Julian Klymochko: Yeah.

Vik Mittal: I mean, there’s a real risk pool. And you know, I’ve seen sponsors that, you know, they’ve lost a good chunk of their liquid net worth, right, you know, at least two to four million dollars because a typical two hundred million raise today costs about twelve million dollars If you think about a ten, twenty trust deal and you’ve got to fund then extensions, if it comes to that. And so, there’s a real risk there. And I can tell you, most sponsors are not making 10X their money. They’re making like a multiple or two of capital invested when all said and done.

Julian Klymochko: Plus, in the current market environment, it appears that underwriters have taken a step back. And I think going forward, having more discipline from the underwriter’s standpoint and perhaps on the sponsor side, if we could see more performance oriented promote, that would certainly increase the viability of the product there. Such that it’s not a free lunch, of course it’s never really is, for the sponsor. And on top of that, you’ve been having all this regulatory pressure, a number of proposed changes from the sec and you’re talking about sponsors, not wanting to do crappy deal and not risk their reputation. Now one that is a prime candidate for that would be Pershing Square. I mean, they don’t really have the standard promote. And then they’re battling the sec for that spark structure, trying to create some innovation in the SPAC space. Now what are your thoughts on where we go from here and the future regulatory environment?
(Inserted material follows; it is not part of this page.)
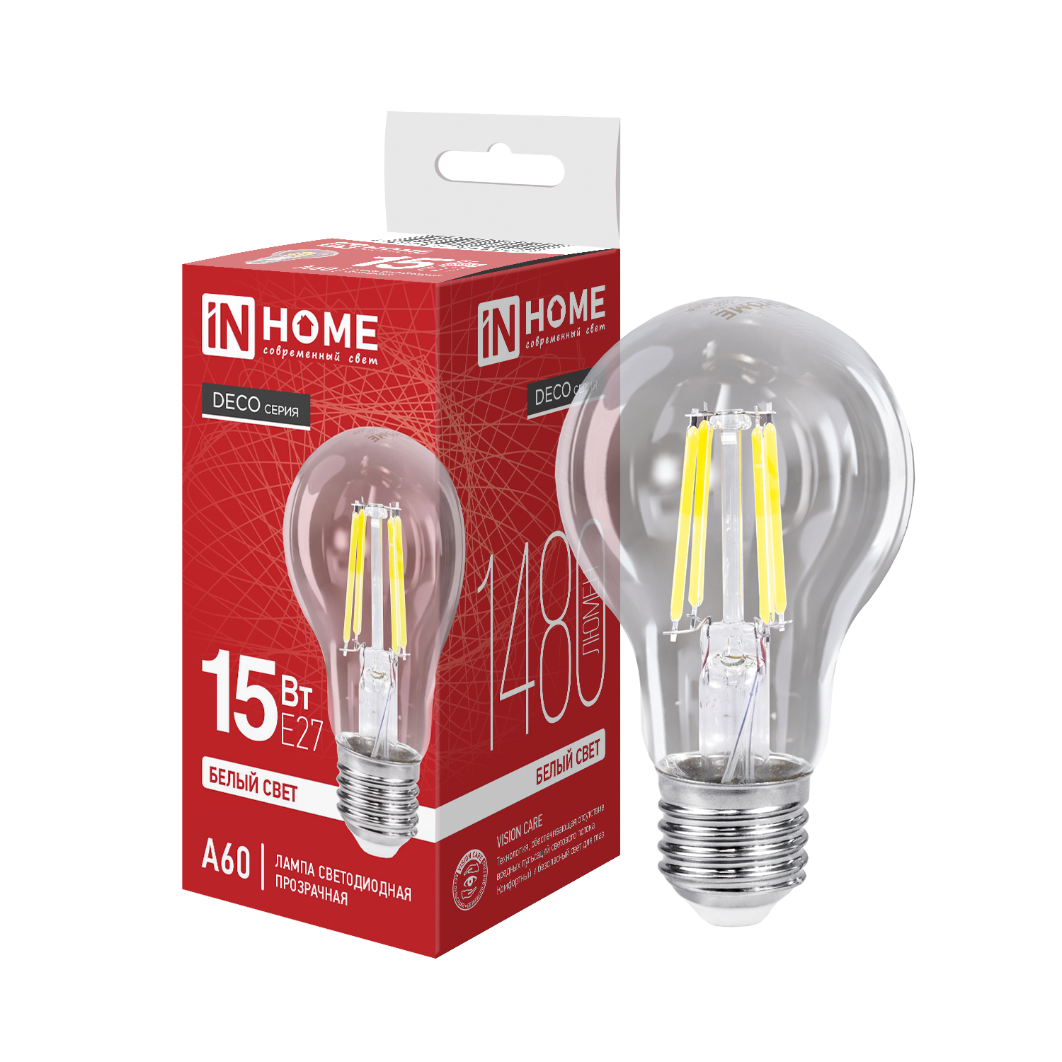 Лампа светодиодная LED-A60-deco 15Вт 230В Е27 4000К 1480Лм прозрачная IN HOME

Vik Mittal: Yeah, the Pershing Square, I’ll come back to that at the end. Because it’s so fascinating to me, Bill Ackman just an incredibly fascinating individual and just like a random side tangent. I had the opportunity to do a road show meeting with him when he raised it. And he was like in his Hamptons house or something and he was just like meeting with institutions. And I was like, Bill, where did you come up with this idea to do this SPAC with the [Inaudibe 00:47:21] structure and all this other stuff. He said, when I was two years old [laugh]. He’s been thinking about it for a while.

Julian Klymochko: Right.

Vik Mittal: And when he brought the Universal music deal, it was a very complicated, you know, reverse Morris’s trust type situation.

Julian Klymochko: Yeah.

Vik Mittal: And then the spark with the rights and all this other stuff.

Julian Klymochko: Side note on that, I did try to have him on the podcast when they announced the UMG deal, but I couldn’t get him. So, Vik, if you have his ear, feel free to.

Vik Mittal: No, I don’t have his ear. He was trying to raise, what? four billion at the time of the IPO. So, he talked to anybody that could write a cheque at that point.

Julian Klymochko: Right.

Vik Mittal: [Laugh], so, but yeah, it appears the sec and then the nyc or however it’s going to work is not going to approve this spark anytime soon.

Julian Klymochko: Right.

Vik Mittal: So, he is going to the OTC press release, which is disappointing. Because I actually think it’s an interesting innovation and it creates a healthier, as you think about SPAC 2.0, 3.0 as we continue to evolve. I think heading to the spark structure is actually where the product is headed, where you don’t have to put up the capital. If you like the deal, you have a right struck at ten or whatever, you know, the trust value is. And you can exercise that right at the time of the business combination, and you don’t have to tie up your money and it’ll hopefully bring more fundamental investors in that believe in the sponsor, believe in the management team of the target and want to own the asset versus guys playing for a yield. And I think that’s ultimately where the SPAC market needs to go. And, you know, to your point, the sec proposed rules. They slowed down the IPO issuance tremendously. We’ve got a sixty-day comment period. It’ll probably be extended. I mean, a lot of organizations and trade groups and associations have said that, you know, sixty-days, not even just for SPACs, for the private equity stuff, crypto other stuff. Thy said these thirty, sixty, ninety-day comment periods are just not substantive enough for broad sweeping changes over how things have been done.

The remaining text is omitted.